His phrases can be intimate–”You’ll Get Through This/ Trust Me” created for the under-renovation Pietro Belluschi designed Federal Reserve Bank building–or sweeping–Gorman installed the phrase “New Things To Worry About” at the South Waterfront with the John Ross in the background–aiming always for “pregnant phrases,” he says, for “ambiguity of meaning.”

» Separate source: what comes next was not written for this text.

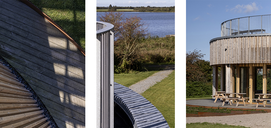 Fra terrassen fører en buet trappe op til tagterrassen, hvor en lav, cirkelformet mur yder læ mod vestenvinden. Herfra er der udsigt over søen, det omkringliggende landskab og det lokale fugleliv – en platform for ro, refleksion og naturoplevelse.

Gorman’s work is rewarding because there is, Gertrude, a there there.* The work is not about language (”five words in a line”). Language here is both strong visual element and gateway to layers of meaning. The work speaks to design, employing the designer’s typeface, love-it-or-over-it Helvetica, in what is essentially oblique signage. And a cursory view (that of some of the passersby Gorman captures in some of his photos) might appreciate simply the form itself, sharp, surprising. Gorman’s images can be read at various levels, one variable being how well you know your city (or how curious you are). If one digs a little (why this building? why those words?) there’s only more to love. Gorman’s pieces in and around the empty Federal Reserve Building (”ElectroGold” in the empty vault no longer in use because of the way that electronic funds transfers have reduced the number of checks written, and the need for facilities to process checks) tell stories not only of the building’s history and its current state, but of the history of banking. Both “ProblemSolved” and “WaterHelpFire” address the early Chinese community in Portland, “Water” addressing both fire and flood and “Problem” addressing the innovative ways that opium dens were concealed after its use was made illegal.
All of this is to say that while making arresting images, Gorman is issuing invitation, particularly to the many of us who are non-native Portlanders, to acquaint ourselves with Portland past. At a time when we’re looking to Portland’s bold future, with new ambitious mayor, construction cranes optimistically (defiantly) yellow, rail, etceteras considering the how we got where we are and at what expense (cultural and otherwise) is more than worthwhile. And that it is artist rather than politician issuing the invitation, is all the better.
Gorman sees what he’s doing as both cryptic historical response to a piece of history or a building and also as “charting change.” He’s engaging not only Portland architectural and socio-cultural history (reading say, Marie Rose Wong’s Sweet Cakes, Long Journey), but also reading texts like How Buildings Learn. He worked furiously in recent months to prepare for his senior thesis show at PNCA, but the series is by no means played out. He’s just begun. We’re very much anticipating work he’ll do as part of PICA’s TBA:08. On another note, Gorman has work with longtime collaborator Caleb Freese this month in a group show at Upper Playground.
There will be a First Thursday Art opening for the PNCA Senior show on June 5th from 6-9 PM in Swigert Commns and the Stevens Studios at the Pacific Northwest College of Art (1241 NW Johnson) . The show runs through June 15.
See Gorman’s website, resultsunderaction.com for more photos. Click on the photos above for larger versions.
*Gertrude Stein is quoted as saying of Oakland, CA, “There is no there there.”